▶ **Material for this exercise**:
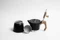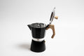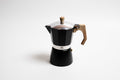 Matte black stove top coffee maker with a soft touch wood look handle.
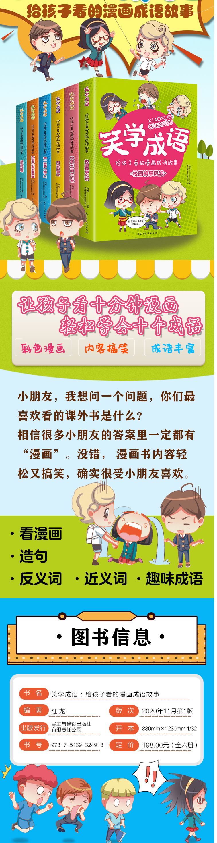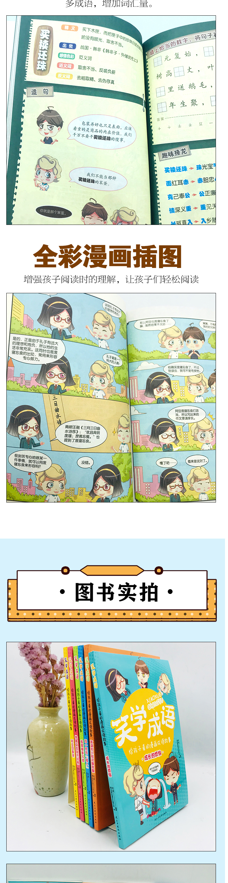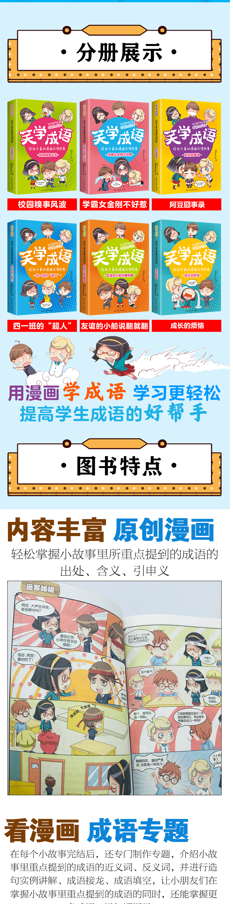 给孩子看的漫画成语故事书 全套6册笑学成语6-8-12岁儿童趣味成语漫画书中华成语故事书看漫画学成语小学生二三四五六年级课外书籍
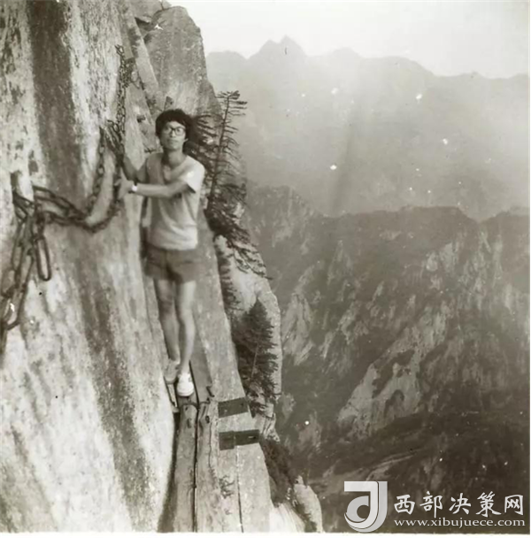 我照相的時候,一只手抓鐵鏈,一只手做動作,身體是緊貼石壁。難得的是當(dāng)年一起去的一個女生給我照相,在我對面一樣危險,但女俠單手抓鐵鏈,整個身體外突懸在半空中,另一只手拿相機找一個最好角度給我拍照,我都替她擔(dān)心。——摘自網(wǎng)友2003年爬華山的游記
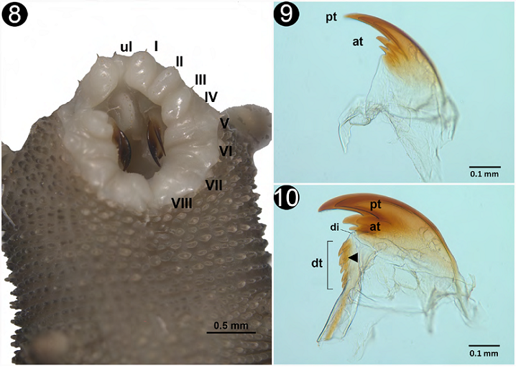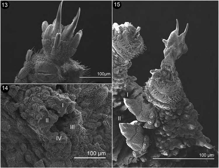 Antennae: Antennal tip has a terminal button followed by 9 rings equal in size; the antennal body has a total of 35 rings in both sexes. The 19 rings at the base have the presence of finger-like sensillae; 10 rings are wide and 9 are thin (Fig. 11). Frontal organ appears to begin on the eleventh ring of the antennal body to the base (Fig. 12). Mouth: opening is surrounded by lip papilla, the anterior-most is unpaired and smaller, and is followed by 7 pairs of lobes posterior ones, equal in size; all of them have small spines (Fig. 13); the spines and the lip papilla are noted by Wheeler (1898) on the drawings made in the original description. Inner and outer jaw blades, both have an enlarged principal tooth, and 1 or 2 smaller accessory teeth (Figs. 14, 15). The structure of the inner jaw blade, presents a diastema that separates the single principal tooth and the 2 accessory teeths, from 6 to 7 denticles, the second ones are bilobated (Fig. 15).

---

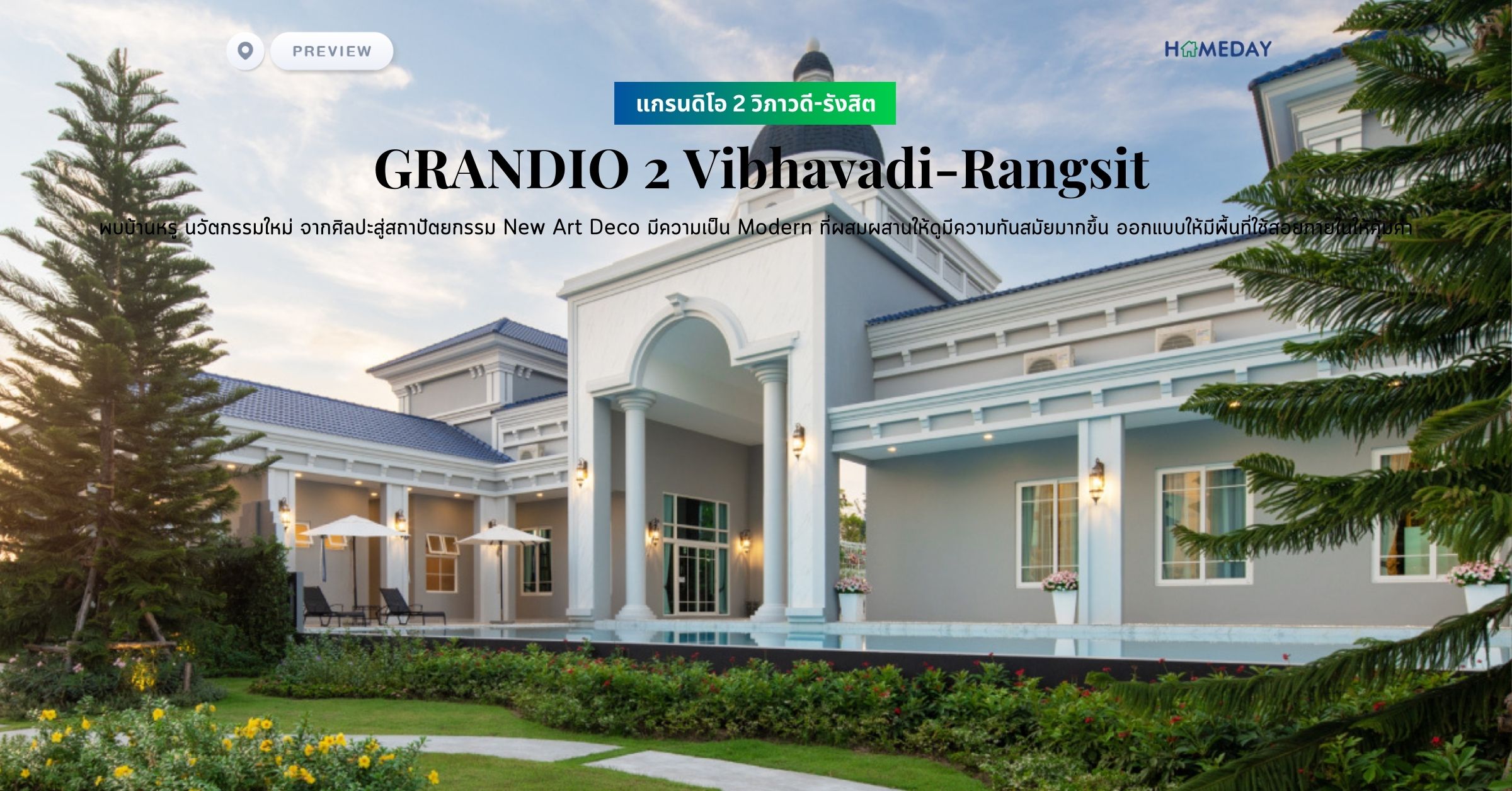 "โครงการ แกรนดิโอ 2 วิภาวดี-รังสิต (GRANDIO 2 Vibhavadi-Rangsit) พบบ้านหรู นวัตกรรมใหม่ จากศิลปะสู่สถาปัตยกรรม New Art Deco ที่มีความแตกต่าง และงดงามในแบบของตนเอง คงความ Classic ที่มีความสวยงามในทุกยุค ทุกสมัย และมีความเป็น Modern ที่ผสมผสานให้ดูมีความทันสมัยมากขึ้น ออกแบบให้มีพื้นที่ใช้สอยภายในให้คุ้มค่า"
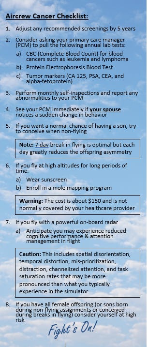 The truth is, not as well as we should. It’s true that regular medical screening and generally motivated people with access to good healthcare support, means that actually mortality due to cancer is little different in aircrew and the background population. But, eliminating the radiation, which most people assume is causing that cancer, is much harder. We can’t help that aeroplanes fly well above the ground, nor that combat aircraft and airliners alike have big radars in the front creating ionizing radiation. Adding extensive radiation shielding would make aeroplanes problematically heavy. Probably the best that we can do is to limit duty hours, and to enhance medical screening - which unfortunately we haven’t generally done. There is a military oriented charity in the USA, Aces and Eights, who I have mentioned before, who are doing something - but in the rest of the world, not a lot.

...

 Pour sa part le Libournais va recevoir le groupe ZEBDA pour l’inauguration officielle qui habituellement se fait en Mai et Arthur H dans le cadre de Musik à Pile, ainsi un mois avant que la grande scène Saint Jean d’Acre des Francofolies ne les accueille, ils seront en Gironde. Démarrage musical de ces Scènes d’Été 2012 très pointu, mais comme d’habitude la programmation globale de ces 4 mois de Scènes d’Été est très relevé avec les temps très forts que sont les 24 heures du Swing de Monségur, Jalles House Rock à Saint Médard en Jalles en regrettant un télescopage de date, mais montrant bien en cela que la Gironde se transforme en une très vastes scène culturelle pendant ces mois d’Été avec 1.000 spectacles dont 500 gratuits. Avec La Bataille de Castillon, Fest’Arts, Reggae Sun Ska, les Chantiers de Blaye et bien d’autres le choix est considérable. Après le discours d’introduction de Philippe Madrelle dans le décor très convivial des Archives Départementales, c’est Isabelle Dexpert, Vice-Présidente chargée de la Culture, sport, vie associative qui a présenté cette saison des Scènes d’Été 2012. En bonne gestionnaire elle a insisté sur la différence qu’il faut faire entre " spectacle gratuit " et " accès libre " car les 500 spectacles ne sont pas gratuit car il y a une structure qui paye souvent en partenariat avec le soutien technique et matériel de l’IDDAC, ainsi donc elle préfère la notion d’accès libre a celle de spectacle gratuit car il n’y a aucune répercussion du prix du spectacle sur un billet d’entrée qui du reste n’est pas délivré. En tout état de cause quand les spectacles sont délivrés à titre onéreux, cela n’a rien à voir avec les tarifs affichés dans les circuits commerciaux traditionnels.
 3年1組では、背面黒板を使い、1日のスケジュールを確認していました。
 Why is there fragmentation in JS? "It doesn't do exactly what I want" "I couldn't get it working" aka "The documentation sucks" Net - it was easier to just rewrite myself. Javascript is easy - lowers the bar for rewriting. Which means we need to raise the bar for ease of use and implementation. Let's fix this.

▶ **Task objective**:
Only one stretch of the data above is needed. Restate it word for word, from the line containing "Pour sa part" through the line containing "Why is there", both ends included.

▶ **Response to the task**:
 Pour sa part le Libournais va recevoir le groupe ZEBDA pour l’inauguration officielle qui habituellement se fait en Mai et Arthur H dans le cadre de Musik à Pile, ainsi un mois avant que la grande scène Saint Jean d’Acre des Francofolies ne les accueille, ils seront en Gironde. Démarrage musical de ces Scènes d’Été 2012 très pointu, mais comme d’habitude la programmation globale de ces 4 mois de Scènes d’Été est très relevé avec les temps très forts que sont les 24 heures du Swing de Monségur, Jalles House Rock à Saint Médard en Jalles en regrettant un télescopage de date, mais montrant bien en cela que la Gironde se transforme en une très vastes scène culturelle pendant ces mois d’Été avec 1.000 spectacles dont 500 gratuits. Avec La Bataille de Castillon, Fest’Arts, Reggae Sun Ska, les Chantiers de Blaye et bien d’autres le choix est considérable. Après le discours d’introduction de Philippe Madrelle dans le décor très convivial des Archives Départementales, c’est Isabelle Dexpert, Vice-Présidente chargée de la Culture, sport, vie associative qui a présenté cette saison des Scènes d’Été 2012. En bonne gestionnaire elle a insisté sur la différence qu’il faut faire entre " spectacle gratuit " et " accès libre " car les 500 spectacles ne sont pas gratuit car il y a une structure qui paye souvent en partenariat avec le soutien technique et matériel de l’IDDAC, ainsi donc elle préfère la notion d’accès libre a celle de spectacle gratuit car il n’y a aucune répercussion du prix du spectacle sur un billet d’entrée qui du reste n’est pas délivré. En tout état de cause quand les spectacles sont délivrés à titre onéreux, cela n’a rien à voir avec les tarifs affichés dans les circuits commerciaux traditionnels.
 3年1組では、背面黒板を使い、1日のスケジュールを確認していました。
 Why is there fragmentation in JS? "It doesn't do exactly what I want" "I couldn't get it working" aka "The documentation sucks" Net - it was easier to just rewrite myself. Javascript is easy - lowers the bar for rewriting. Which means we need to raise the bar for ease of use and implementation. Let's fix this.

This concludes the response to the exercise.